(Records for this task begins)

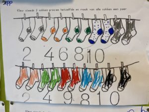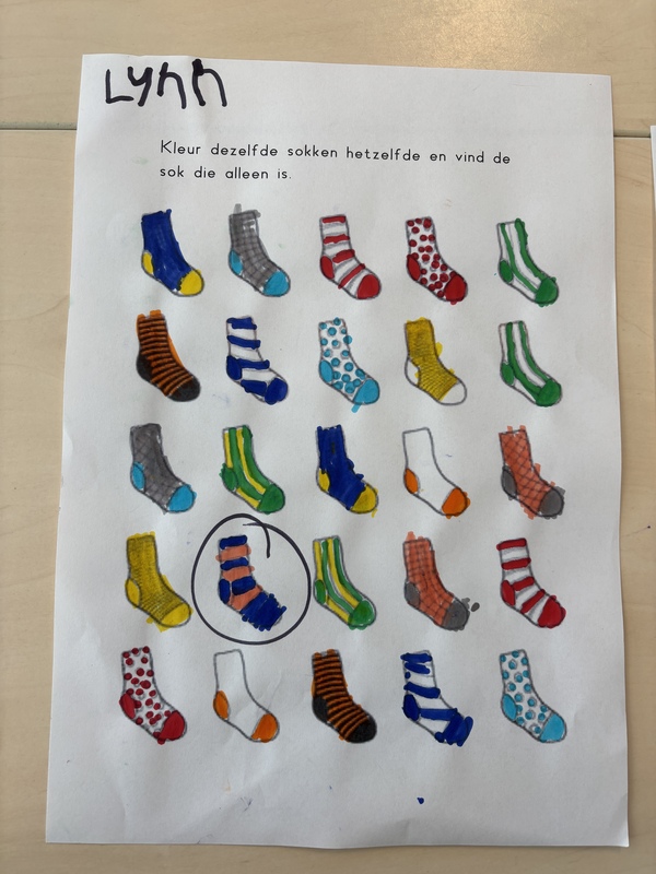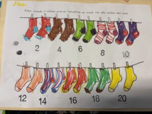 Kleur steeds 2 sokken precies hetzelfde en maak van alle sokken een paar.
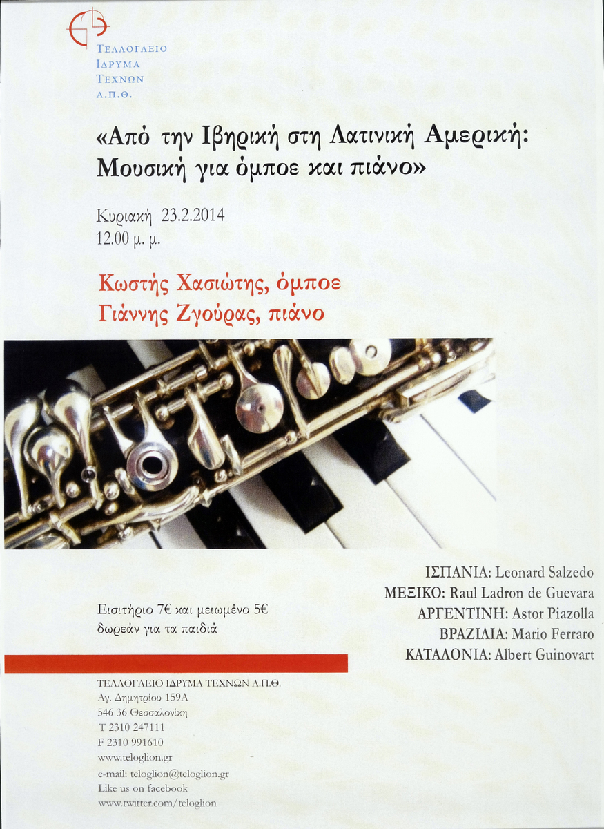 Αφίσα συναυλίας ισπανικής και λατινοαμερικάνικης μουσικής για όμποε (Κωστής Χασιώτης) και πιάνο (Γιάννης Ζγούρας), που πραγματοποιήθηκε στο Τελλόγλειο Ίδρυμα στη Θεσσαλονίκη.
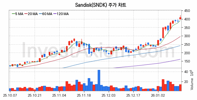 미국 주식 분석, Sandisk (샌디스크) 주가 차트 분석과 주식 기간 수익률 및 변동성 분석 (2026-01-15)
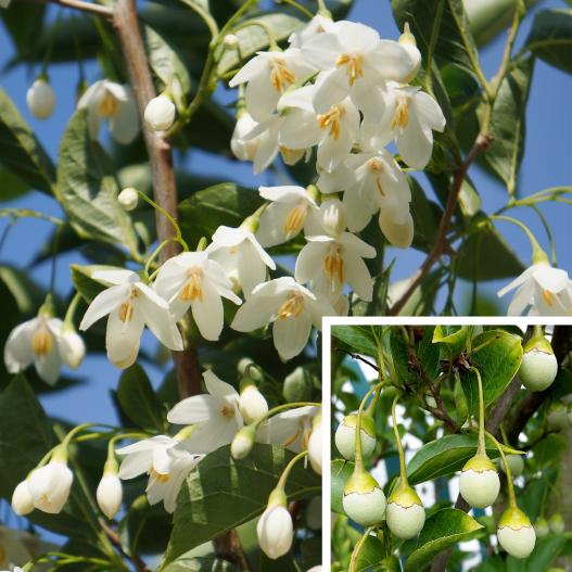 Le Styrax June Snow est un petit arbre très colonnaire rustique qui est fait pour les petits jardins. En fin de printemps, il se pare sur toutes les branches de fleurs blanches que son feuillage vert brillant met bien en valeur. Il n'est pas sensible aux maladies et peut se plaire en pot comme au jardin.
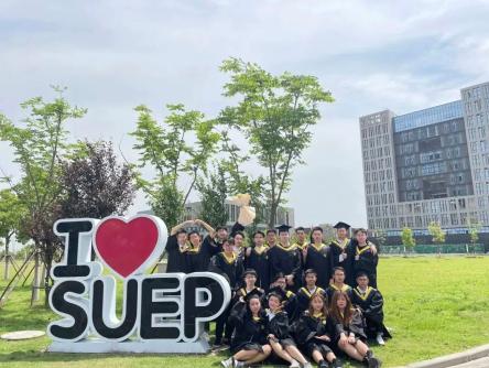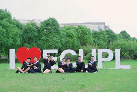“I❤ECUPL”地标一颗红色的爱心,六个白色的字母,满眼嫩绿的草地,是每天上课途中都能偶遇的风景。
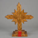 DescriptionCross of wood covered with match sticks atop match-stick covered stepped pedestal. Red felt runner covers path from bottom of stairs to front and back of cross. Arrow shaped rays project diagonally from center of cross. Small match-stick cross also projects slightly from center of cross.Artist not recorded
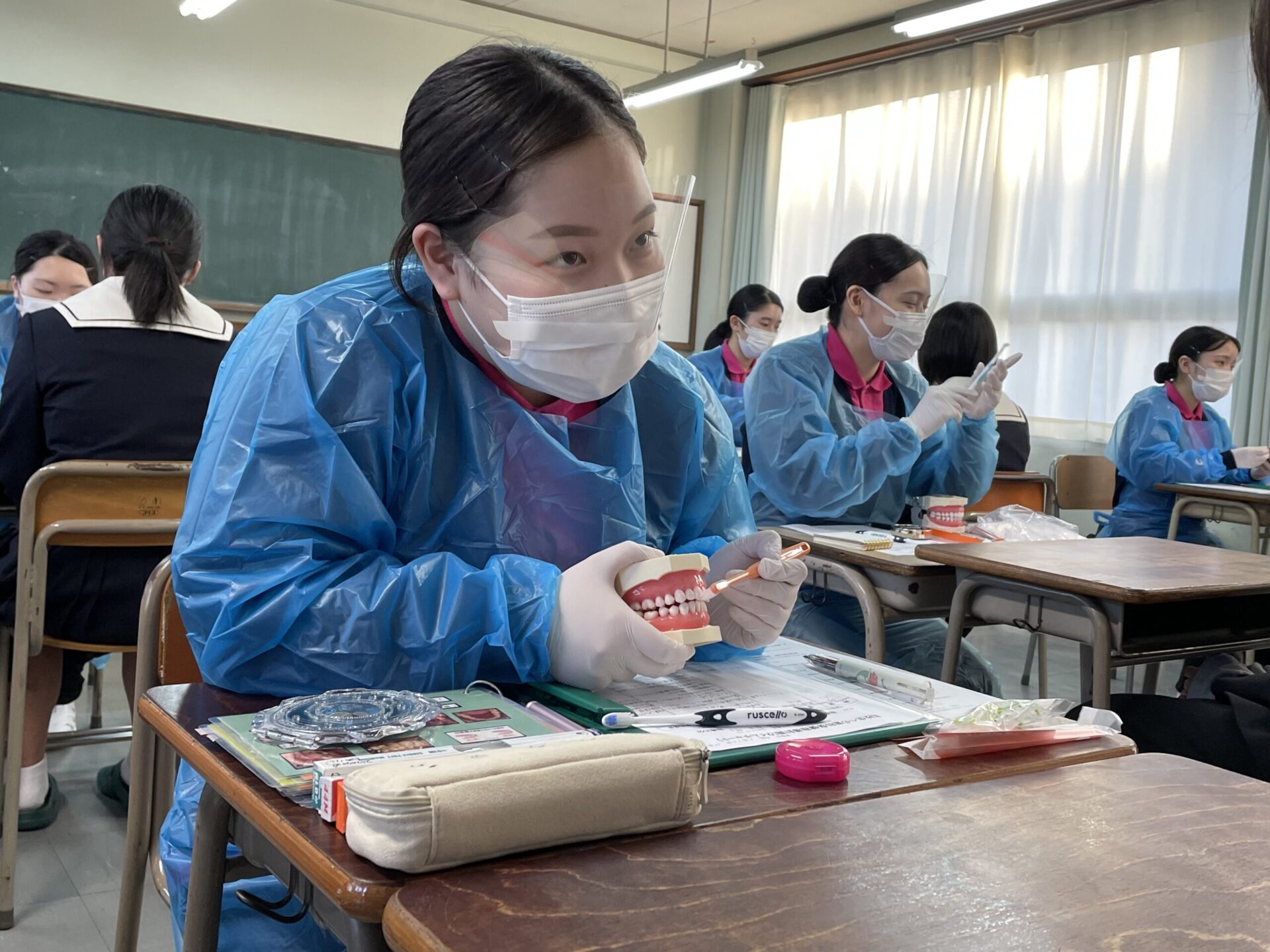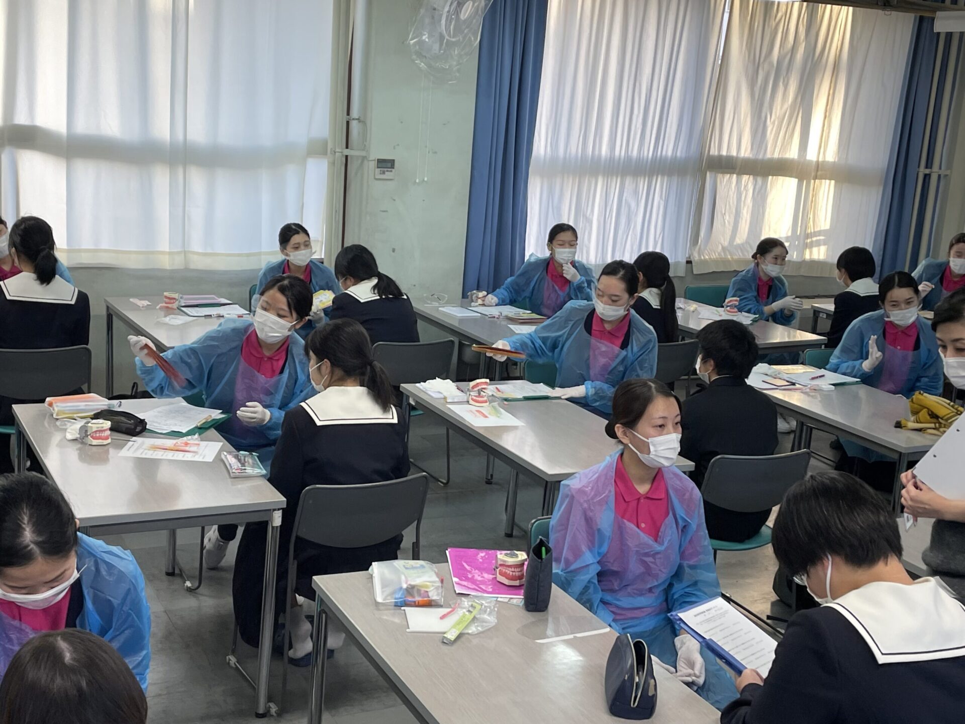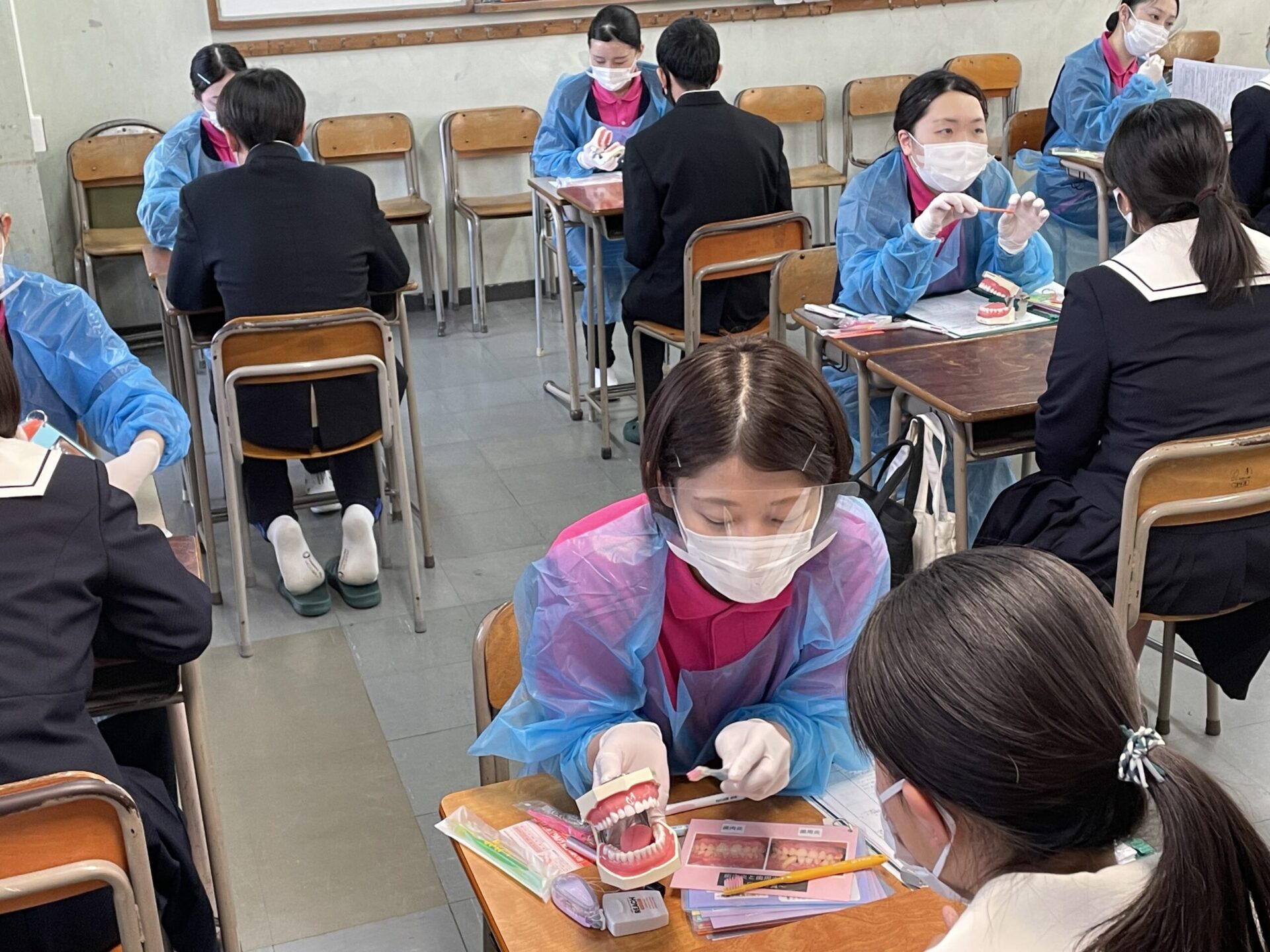 歯科衛生学科 高校で歯科保健指導を行いました 12月8日(水)に歯科衛生学科2年生51名が大垣商業高校、大垣工業高校で歯科保健指導を行いました。 事前に学校検診での結果を分析し、一人一人にあわせて指導案を考えてブラッシングや間食などの生活習慣についての指導をしました。 高校生のみなさんは一生懸命聞いてくれて、学生にとっても大変貴重な経験となりました。 2021/12/13ニュース

(Records for this task ends)

» Activity:
Only exact copies are wanted here. Write out the lines from the one containing "Αφίσα συναυλίας ισπανικής" through the end of the material and no others, omitting all pictures.

» Answer box:
 Αφίσα συναυλίας ισπανικής και λατινοαμερικάνικης μουσικής για όμποε (Κωστής Χασιώτης) και πιάνο (Γιάννης Ζγούρας), που πραγματοποιήθηκε στο Τελλόγλειο Ίδρυμα στη Θεσσαλονίκη.
 미국 주식 분석, Sandisk (샌디스크) 주가 차트 분석과 주식 기간 수익률 및 변동성 분석 (2026-01-15)
 Le Styrax June Snow est un petit arbre très colonnaire rustique qui est fait pour les petits jardins. En fin de printemps, il se pare sur toutes les branches de fleurs blanches que son feuillage vert brillant met bien en valeur. Il n'est pas sensible aux maladies et peut se plaire en pot comme au jardin.
“I❤ECUPL”地标一颗红色的爱心,六个白色的字母,满眼嫩绿的草地,是每天上课途中都能偶遇的风景。
 DescriptionCross of wood covered with match sticks atop match-stick covered stepped pedestal. Red felt runner covers path from bottom of stairs to front and back of cross. Arrow shaped rays project diagonally from center of cross. Small match-stick cross also projects slightly from center of cross.Artist not recorded
 歯科衛生学科 高校で歯科保健指導を行いました 12月8日(水)に歯科衛生学科2年生51名が大垣商業高校、大垣工業高校で歯科保健指導を行いました。 事前に学校検診での結果を分析し、一人一人にあわせて指導案を考えてブラッシングや間食などの生活習慣についての指導をしました。 高校生のみなさんは一生懸命聞いてくれて、学生にとっても大変貴重な経験となりました。 2021/12/13ニュース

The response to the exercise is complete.